Ao falar sobre as áreas da medicina que devem dar os maiores saltos nos próximos anos, Klajner destaca as cirurgias minimamente invasivas, que utilizam recursos tecnológicos para reduzir traumas e acelerar a recuperação; a engenharia tecidual, que poderá permitir a geração de tecidos e até órgãos em laboratório a partir de células-tronco do próprio paciente; e a genômica, com potencial para substituir ou neutralizar genes associados a doenças. “Na minha área, como cirurgião digestivo, há casos em que somos obrigados a remover um órgão inteiro porque sabemos que aquele gene vai gerar câncer. Imagina poder substituir ou neutralizar esse gene?”, diz.
A ingestão de cápsulas com microcâmeras poderá substituir exames invasivos como colonoscopia, diz Carlos Martins
Para Carlos Martins, presidente da Roche Diagnóstica, mais do que uma tecnologia isolada, o que vem elevando o padrão da medicina é a integração entre diferentes soluções. Ele cita como exemplo um novo sensor para monitoramento do diabetes, que combina um dispositivo não invasivo aplicado na pele, conectividade via celular e algoritmos de inteligência artificial capazes de prever a glicemia do paciente nas sete horas seguintes. “Essa predição é crucial para prevenir episódios de hipoglicemia noturna, que podem ser fatais, e deixa o paciente muito mais empoderado do que com métodos tradicionais”, afirma.
Outro campo em rápido desenvolvimento é a nanotecnologia aplicada ao diagnóstico. A Roche trabalha no desenvolvimento de cápsulas microscópicas que, ao serem ingeridas, transmitem informações sobre enzimas, sangue e tudo o que estiver no trajeto delas pelo trato digestivo. “É possível incorporar uma microcâmera nessa cápsula e observar o que está acontecendo no organismo. A colonoscopia, por exemplo, poderia deixar de ser necessária”, diz Martins.
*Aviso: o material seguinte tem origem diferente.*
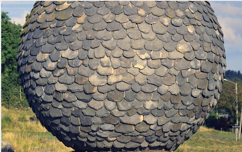
La sphère de Lauzes de Pailhaires (Christian Bertholet)
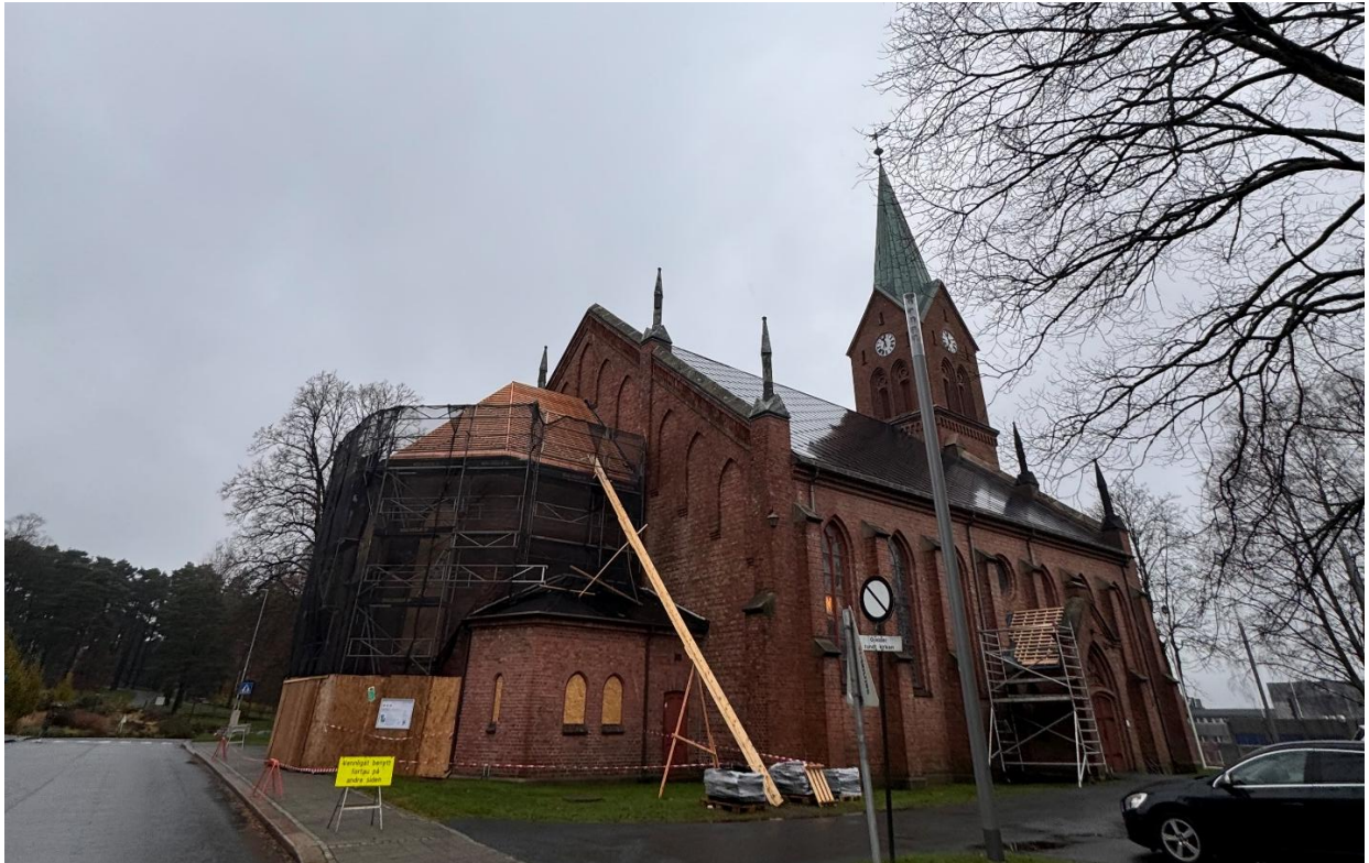
Figur 2: Rehabilitering av kor, sakristier og sideinnganger
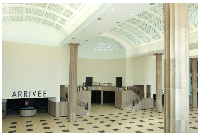
Hall des Huit Colonnes restauré en 2013
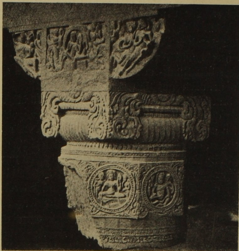
113. Kapitäl aus Adichantâ 7. Jh.
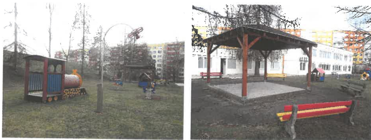
Obrázek č. 13 Objekt Františka Malíka 973, Most

V rámci rehabilitace jsou dětem ve stacionáři poskytovány činnosti zaměřené na rozvoj:
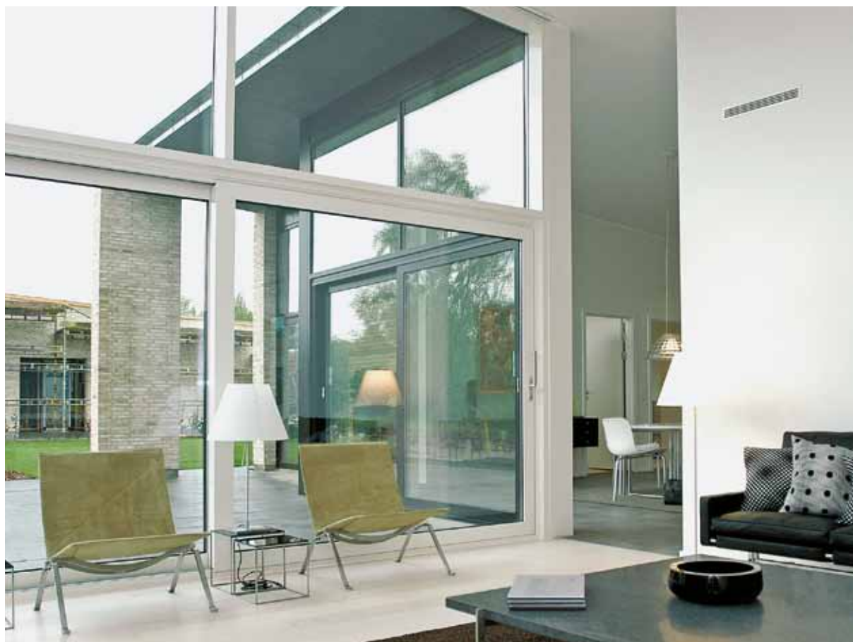
Øget komfort med hæve-skydedøre

En hæve-skydedør gør betjeningen ekstra nem. I lukket position har den en god tæthed og giver således både en udmærket indbrudssikring og god lyd- og varmeisolering. Åbningsvarianterne er enten fra siden eller fra midten. Der kan monteres op til tre løbeskiner, så det bliver muligt at åbne hele 2/3 af elementet.
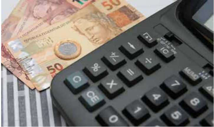
Com o resultado de agosto, o acumulado de 12 meses chega a 5,13%, ainda acima da meta do governo, de até 4,5%.

Com o resultado de agosto de 2025, o acumulado de 12 meses chega a 5,13%, abaixo dos 5,23% dos 12 meses terminados em julho, mas ainda acima da meta do governo, de até 4,5%. A conta de luz recuou 4,21% no mês, representando impacto negativo de 0,17 ponto percentual (p.p.), figurando como o subitem que mais puxou a inflação para baixo. Com isso, o grupo habitação recuou 0,90%. Esse recuo nesse conjunto de preços foi o maior para um mês de agosto desde o início do Plano Real, em 1994.
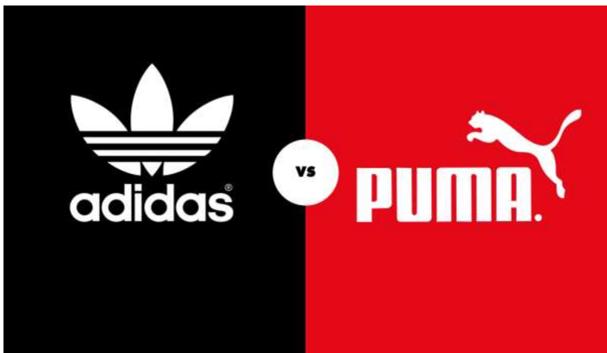
Současné loga značek Adidas a Puma

Firmy se v současné době zaměřují nejen na obuv, ale i na oblečení nebo i kosmetiku a elektroniku.
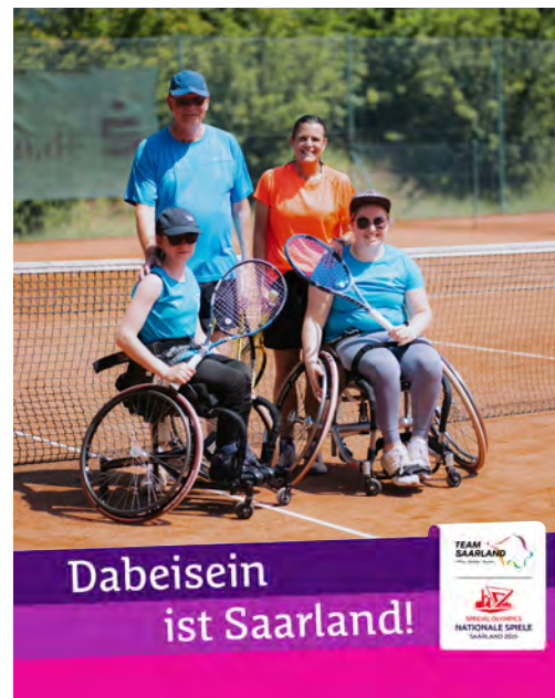
Social Media Vorlage anhand Beispielmotiv angelegtes Format: B 1080 x H 1350 px
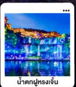
น้ำตกฉูหลงจิ้น

"มหัศจรรย์...จางเจียเจี๋ย" | ดินแดนแห่งขุนเขาและสายน้ำ "เขาเกียนเหมินซาน" | ประสูติสวรรค์...ทำกายศรึกษา 999 ชั้น | นั่งรถไฟความเร็วสูง สัมผัสความสวยงามตระการตา "อุทยานเขาวัง" | ล่องลอยกลางขุนเขา...ดั่งภาพฝันในห้วงเจียเจี๋ย | ช้อปปิ้ง POPMART "เมืองโบราณ" ฉูหลง | หยุคเวลา ณ เมืองโบราณน้ำตก... | "เฟิ่งหวง" ล่องเรือชมชีวิตริมแม่น้ำกิวเจียง "นครฉางซา" ปิดท้ายความทันสมัย

Todo esse avanço, no entanto, exige investimentos elevados e de longo prazo. Em 2024, a Roche investiu 15 bilhões de francos suíços (R$ 103 bilhões) em pesquisa e desenvolvimento. “Cerca de 3 bilhões de francos suíços (R$ 20 bilhões) foram destinados às fases iniciais de projetos que só chegam ao mercado em cinco ou dez anos, sabendo que algumas dessas iniciativas vão dar certo e outras não”, afirma.
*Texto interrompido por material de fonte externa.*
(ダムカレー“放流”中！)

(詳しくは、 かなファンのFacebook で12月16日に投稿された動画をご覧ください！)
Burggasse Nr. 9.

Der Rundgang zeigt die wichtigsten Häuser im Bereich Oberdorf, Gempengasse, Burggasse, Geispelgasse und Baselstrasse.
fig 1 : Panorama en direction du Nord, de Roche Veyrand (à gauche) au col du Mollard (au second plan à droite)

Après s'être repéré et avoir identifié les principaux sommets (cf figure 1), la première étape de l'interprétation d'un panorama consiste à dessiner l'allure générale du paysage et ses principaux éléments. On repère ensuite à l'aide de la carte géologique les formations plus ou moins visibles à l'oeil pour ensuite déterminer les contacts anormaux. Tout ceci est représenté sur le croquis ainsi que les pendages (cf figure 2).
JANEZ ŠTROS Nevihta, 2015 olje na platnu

O conjunto de novas tecnologias de prevenção, monitoramento e tratamento promete ampliar a longevidade. No Brasil, a expectativa de vida ao nascer passou de 71,1 anos, em 2000, para 76,6 anos em 2024.
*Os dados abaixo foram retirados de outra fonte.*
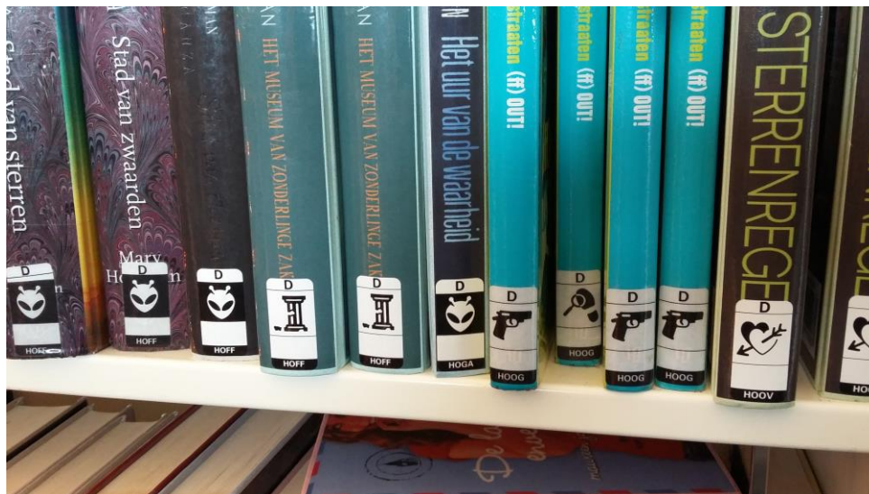
La Bibliothèque nationale des Pays-Bas.

A noter une autre particularité du fonctionnement des bibliothèques néerlandaises : la vente, en continu, des documents sortis des collections est une pratique largement répandue, ce qui n'est pas le cas dans nos bibliothèques où cela reste plus rare et généralement lié à un événement exceptionnel (braderie annuelle...).
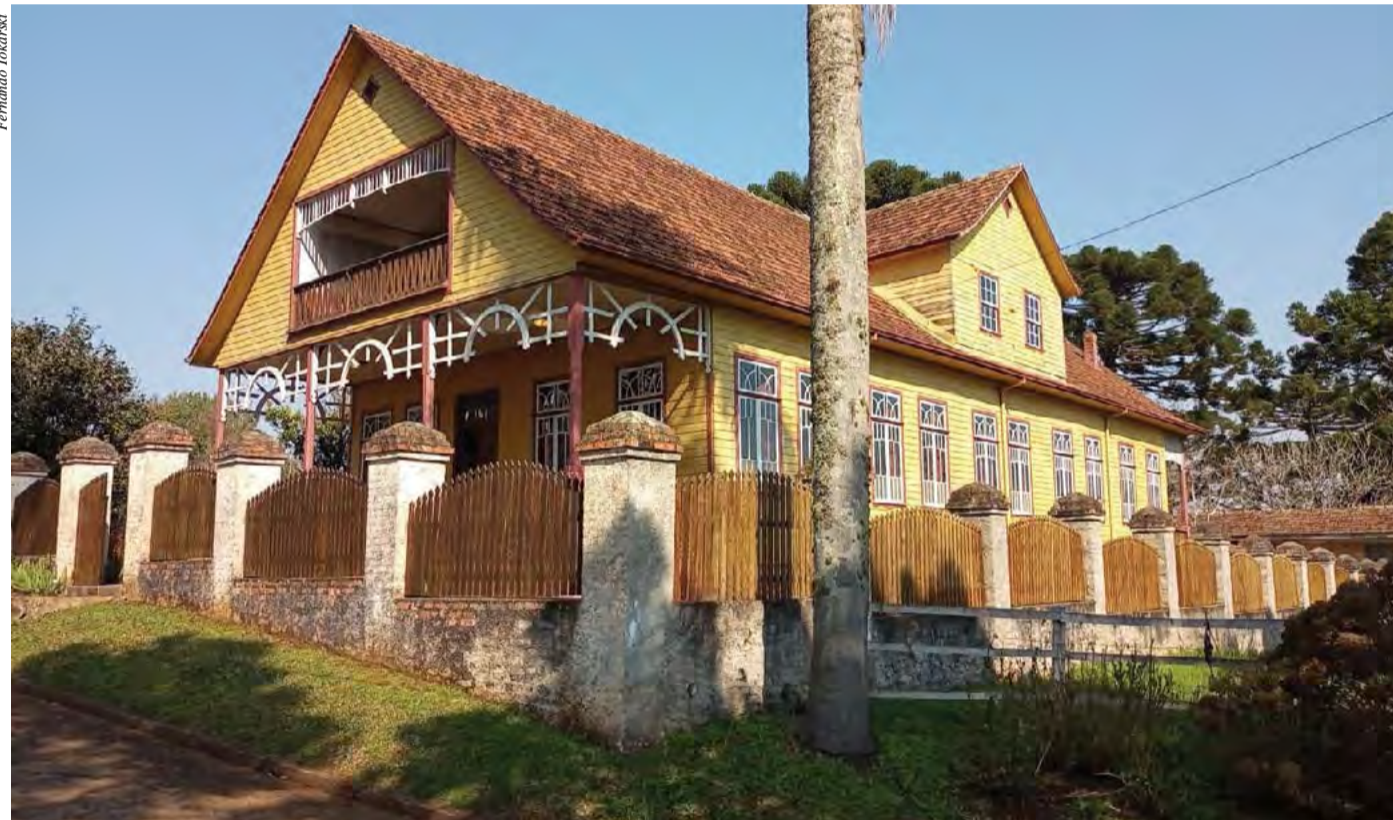
Construído entre 1926 e 1928, imponente construção em madeira permanece conservada, e preserva inúmeras relíquias em seu interior

Ainda assim, viver mais não é sempre sinônimo de viver melhor. Segundo Maisa Kairalla, geriatra do Hospital Sírio-Libanês, a tecnologia é uma aliada importante. “Ela joga a nosso favor em todas as áreas. Temos exames apoiados por inteligência artificial, telemedicina e acesso a especialistas em qualquer lugar”, observa. Na geriatria, há uso crescente de robôs, desde os que auxiliam em tarefas domésticas até os que simulam animais de estimação e interagem socialmente. “Isso reduz a solidão e se traduz em melhora da memória, da depressão e da funcionalidade.”
Além disso, doenças crônicas e degenerativas, como diabetes, Alzheimer e Parkinson, terão tratamentos novos e mais eficazes. Ainda assim, recomendações médicas conhecidas há bastante tempo permanecem. “Cerca de 70% do nosso envelhecimento depende da gente. Apesar de todo esse arsenal tecnológico, o ser humano continua se beneficiando do básico: hábitos saudáveis, atividade física, vínculos sociais, fé e exames em dia”, conclui.